Content starts

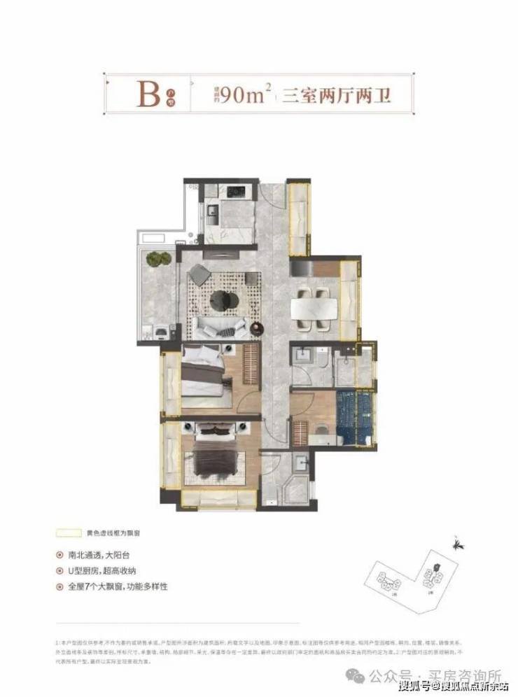 90㎡的3房2厅2卫,设计的是竖厅南北通透格局,全屋飘窗设计,客餐厅错开布局,主卧双飘窗,U型厨房。
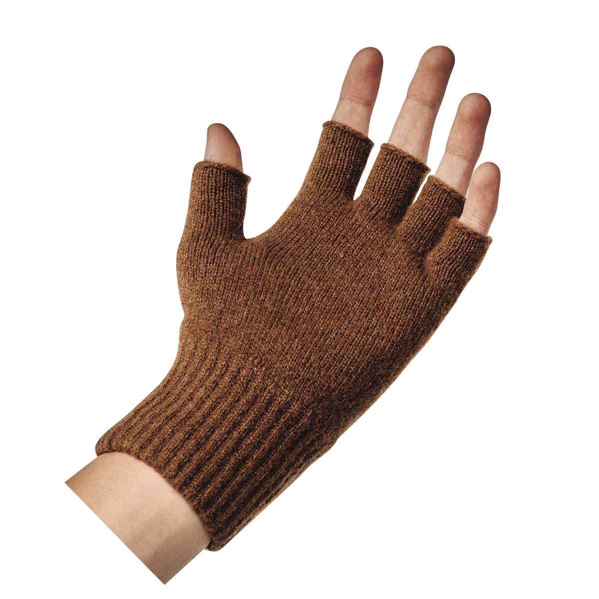 ラムズウールで編み込んだカットオフグローブ。スマホの操作も問題なし。¥11,000(エムエイチエル.☎03·5785·6445)
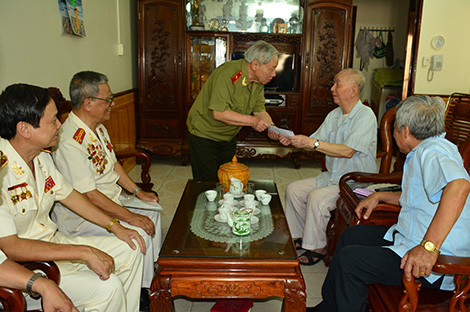 Thay mặt đoàn công tác, Thiếu tướng Phan Văn Lai chuyển lời thăm hỏi và trao tặng 10 suất quà (mỗi xuất 2 triệu đồng) của lãnh đạo Bộ Công an tới các đồng chí chi viện cho chiến trường Miền Nam tại Tuyên Quang.

Content ends

### ACTION ITEM
Output the lines above verbatim, images excluded.

### REPLY TO THE TASK
 90㎡的3房2厅2卫,设计的是竖厅南北通透格局,全屋飘窗设计,客餐厅错开布局,主卧双飘窗,U型厨房。
 ラムズウールで編み込んだカットオフグローブ。スマホの操作も問題なし。¥11,000(エムエイチエル.☎03·5785·6445)
 Thay mặt đoàn công tác, Thiếu tướng Phan Văn Lai chuyển lời thăm hỏi và trao tặng 10 suất quà (mỗi xuất 2 triệu đồng) của lãnh đạo Bộ Công an tới các đồng chí chi viện cho chiến trường Miền Nam tại Tuyên Quang.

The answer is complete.